● WHAT YOU WILL DO:
For the material below, return exactly the lines starting at the one holding "Highlight zwei an" and ending at the one holding "NS4115A/B 1A內置功率管LED恒流驅動器", counting both as part of the range.

● DATA FOR THE TASK:
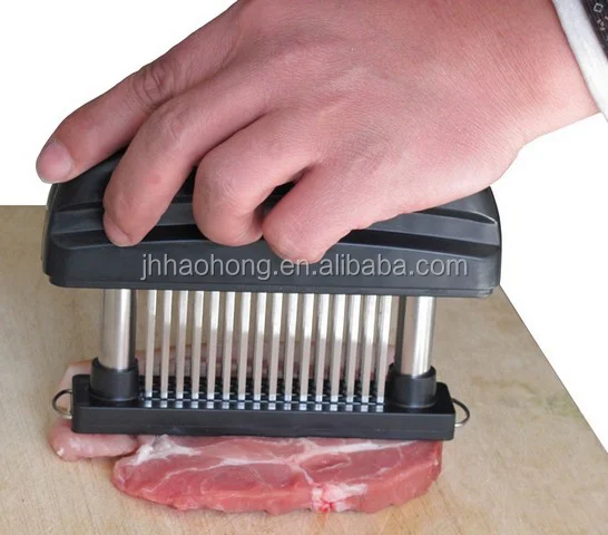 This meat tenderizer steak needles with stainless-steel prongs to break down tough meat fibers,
...
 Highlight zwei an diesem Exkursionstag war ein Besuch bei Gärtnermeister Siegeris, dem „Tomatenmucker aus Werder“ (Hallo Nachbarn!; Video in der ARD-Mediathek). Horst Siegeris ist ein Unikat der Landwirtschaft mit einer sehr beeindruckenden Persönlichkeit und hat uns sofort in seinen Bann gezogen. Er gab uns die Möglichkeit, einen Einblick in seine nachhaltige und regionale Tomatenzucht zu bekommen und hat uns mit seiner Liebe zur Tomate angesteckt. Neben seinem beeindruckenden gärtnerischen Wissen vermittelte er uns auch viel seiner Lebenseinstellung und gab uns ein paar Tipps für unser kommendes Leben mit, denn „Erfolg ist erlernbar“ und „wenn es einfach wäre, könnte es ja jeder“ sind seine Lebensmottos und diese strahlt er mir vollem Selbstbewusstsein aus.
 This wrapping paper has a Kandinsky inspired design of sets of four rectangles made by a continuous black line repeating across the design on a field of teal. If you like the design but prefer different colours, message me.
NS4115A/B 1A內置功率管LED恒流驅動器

● ANSWER TO THIS EXERCISE:
 Highlight zwei an diesem Exkursionstag war ein Besuch bei Gärtnermeister Siegeris, dem „Tomatenmucker aus Werder“ (Hallo Nachbarn!; Video in der ARD-Mediathek). Horst Siegeris ist ein Unikat der Landwirtschaft mit einer sehr beeindruckenden Persönlichkeit und hat uns sofort in seinen Bann gezogen. Er gab uns die Möglichkeit, einen Einblick in seine nachhaltige und regionale Tomatenzucht zu bekommen und hat uns mit seiner Liebe zur Tomate angesteckt. Neben seinem beeindruckenden gärtnerischen Wissen vermittelte er uns auch viel seiner Lebenseinstellung und gab uns ein paar Tipps für unser kommendes Leben mit, denn „Erfolg ist erlernbar“ und „wenn es einfach wäre, könnte es ja jeder“ sind seine Lebensmottos und diese strahlt er mir vollem Selbstbewusstsein aus.
 This wrapping paper has a Kandinsky inspired design of sets of four rectangles made by a continuous black line repeating across the design on a field of teal. If you like the design but prefer different colours, message me.
NS4115A/B 1A內置功率管LED恒流驅動器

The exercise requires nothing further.